The Balance Hypothesis

Machado and Tonneau (2012) proposed that contingencies based on response frequency promote a dynamic interaction between behavior and environment that can explain the sensitivity of U value to the changes in the parameters of both lag n and threshold contingencies without assuming that variability is itself an operant property of behavior as claimed by Neuringer and Jensen (2012). Machado and Tonneau (2012) hypothesized that negative frequency-dependent selection continually balances the strength of each alternative response or sequence. As an alternative sequence becomes weaker (less frequent), it is more likely to produce reinforcement, and as an alternative sequence becomes stronger (more frequent), reinforcement is withheld. In fact, under both lag n and threshold contingencies, a response sequence produces reinforcement only if it is infrequent. Such contingencies strengthen currently weak responses (by reinforcing them) and weaken currently strong responses (by extinguishing them), according to Machado and Tonneau (2012). Under such contingencies, no particular sequence is consistently selected. Instead, many response sequences are emitted. The resulting behavior can be, therefore, highly unpredictable. The claim that contingencies based on response frequency produce variable responding because they continually balance the strength of each alternative response sequence is what I call the balance hypothesis.

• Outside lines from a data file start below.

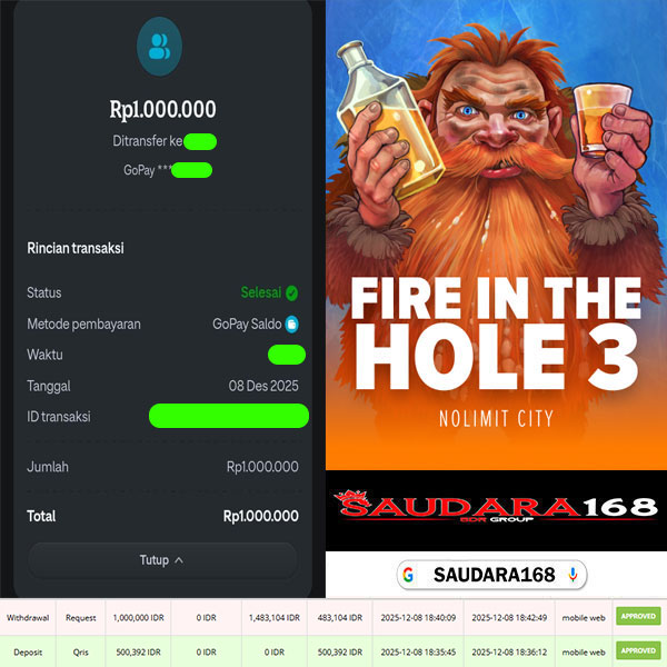 SAUDARA168 Bukti Kemenangan Slot Di Game FIRE IN THE HOLE 3 Rp.1.000.000.,- Lunas.
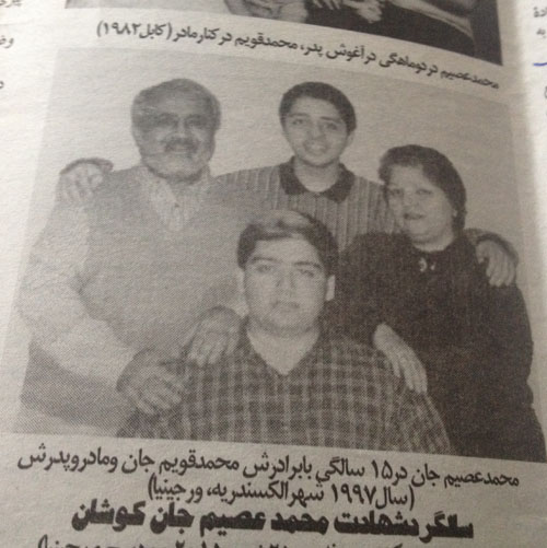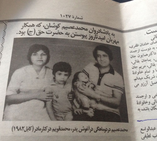 در ستون دوم هفته نامه اميد ( 1027) سالگرد شادروان محمد عصيم جان کوشان فرزند عزيز و همکار پرکار اميد و نور جشم خانواده کوشان در دو تصوير زيبای خانوادگی جلب توجه می کند ، که بدين مناسبت ، خاندان بقايی مراتب همدردی و غمشريکی شان را به برادر عزيز و ارجمند کوشان و خانواده داغ ديده اش تقديم ميدارند. سلامتی بازماندگان را از آفريدگار جهان بدست دعا التماس می نمايد و روح او را در جوار رحمت الهی می خواهد.
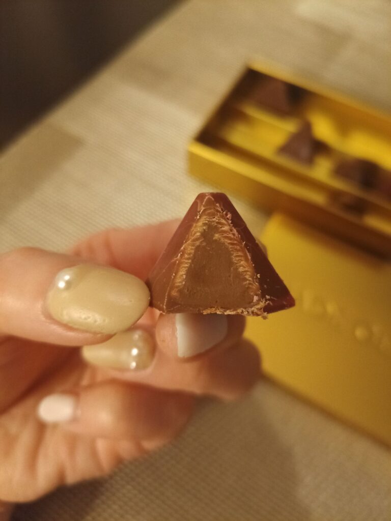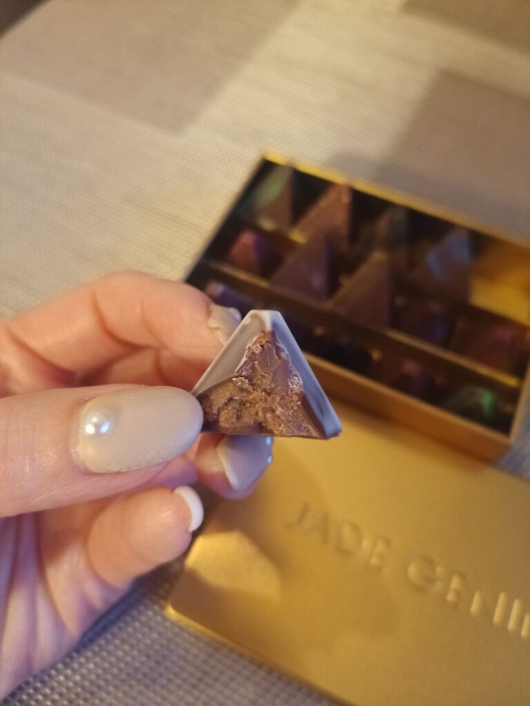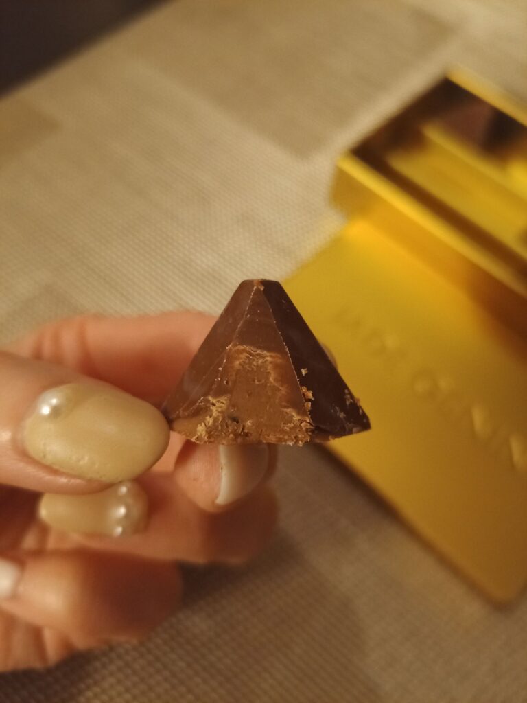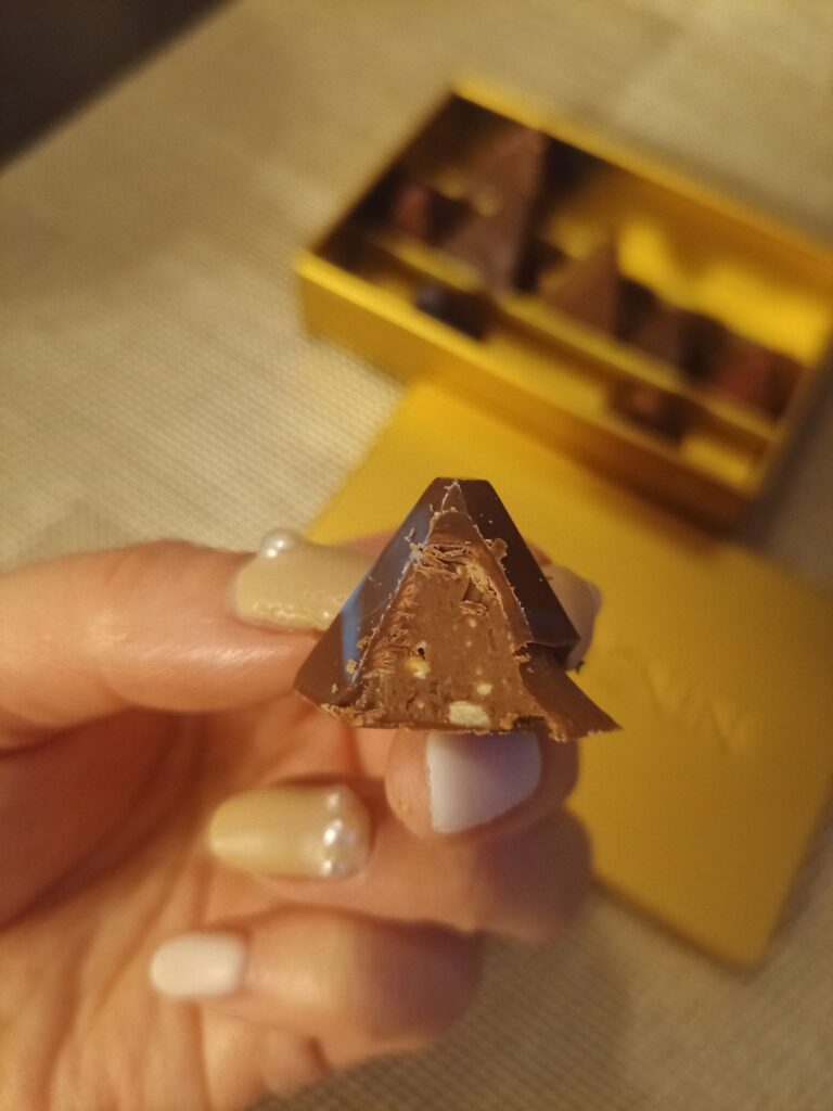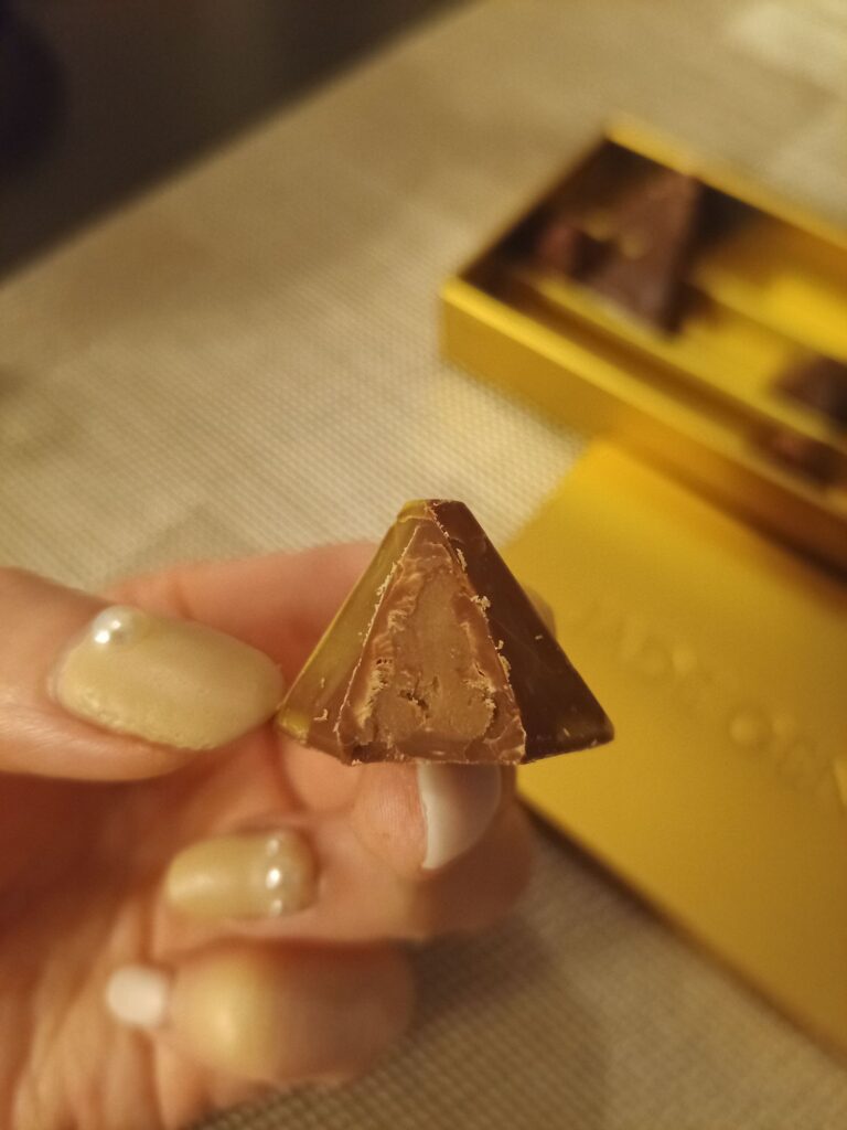 濃厚でまろやかで口溶けも最高、ジャンドゥーヤ最高。こちらもフィヤンティーヌ入りかしら、濃厚でまろやかな中にカリカリ食感。好き!
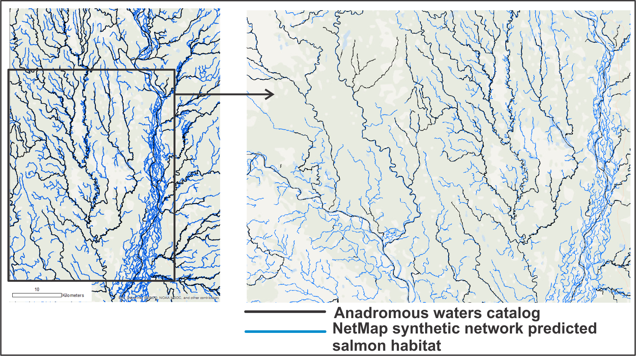 NetMap was used to build a synthetic river network in the Mat-Su watershed (16 million acres) using LiDAR and IfSAR (1-5 m) DEMs to identify missing salmon streams in the Matanuska-Susitna River basin in Alaska. 25,000 additional miles of total streams were mapped. Mapped salmon streams increased by 300% to 1,000%.
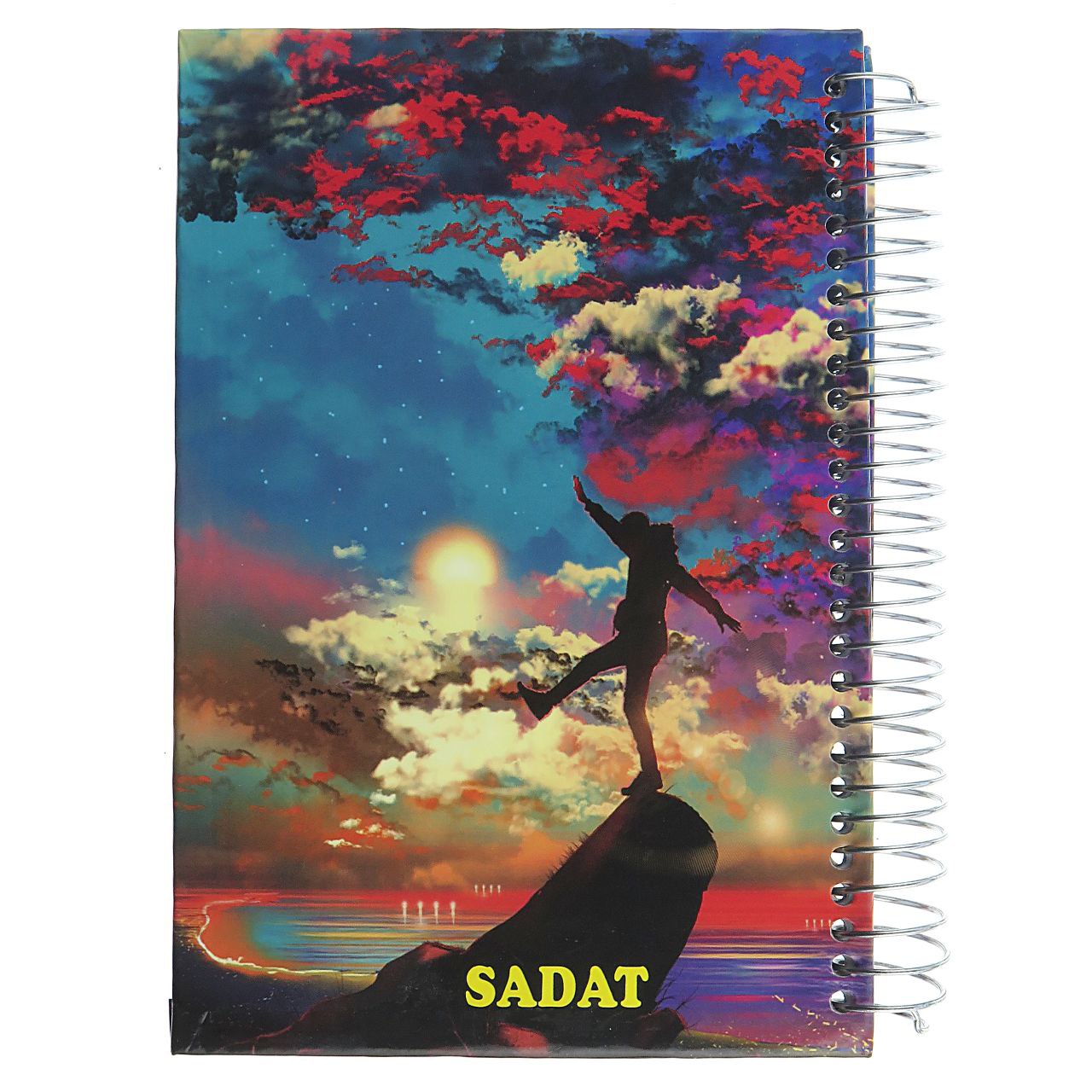 دفتر یادداشت 100 برگ دارد و جنس جلد دفترچه از طلق سخت با با رنگ های مختلف روی آن کاور شده.

The reasoning underlying the balance hypothesis can be elucidated by the following hypothetical case. Suppose that an experimenter deliberately aims to maintain undifferentiated responding across a number of alternative responses. A probabilistic schedule of reinforcement is not an option because it can accidentally reinforce a particular alternative response. The experimenter should arrange a contingency that both strengthens currently weak responses and weakens currently strong responses so that no particular response is selected. In order to obtain this effect, the experimenter should continuously measure the strength of each alternative response. The strength can be measured by taking the recent frequency in which each alternative response was emitted. Low frequency indicates weakness, and high frequency indicates strength. The experimenter should then arrange a contingency that continually reinforces infrequent responses and extinguishes frequent responses. This is precisely how contingencies based on response frequency work. If this experimenter instituted this contingency and produced variable responding, he could explain the obtained effect by appealing to the balance hypothesis (i.e. he could argue that the contingency continually balances the strength of each alternative response).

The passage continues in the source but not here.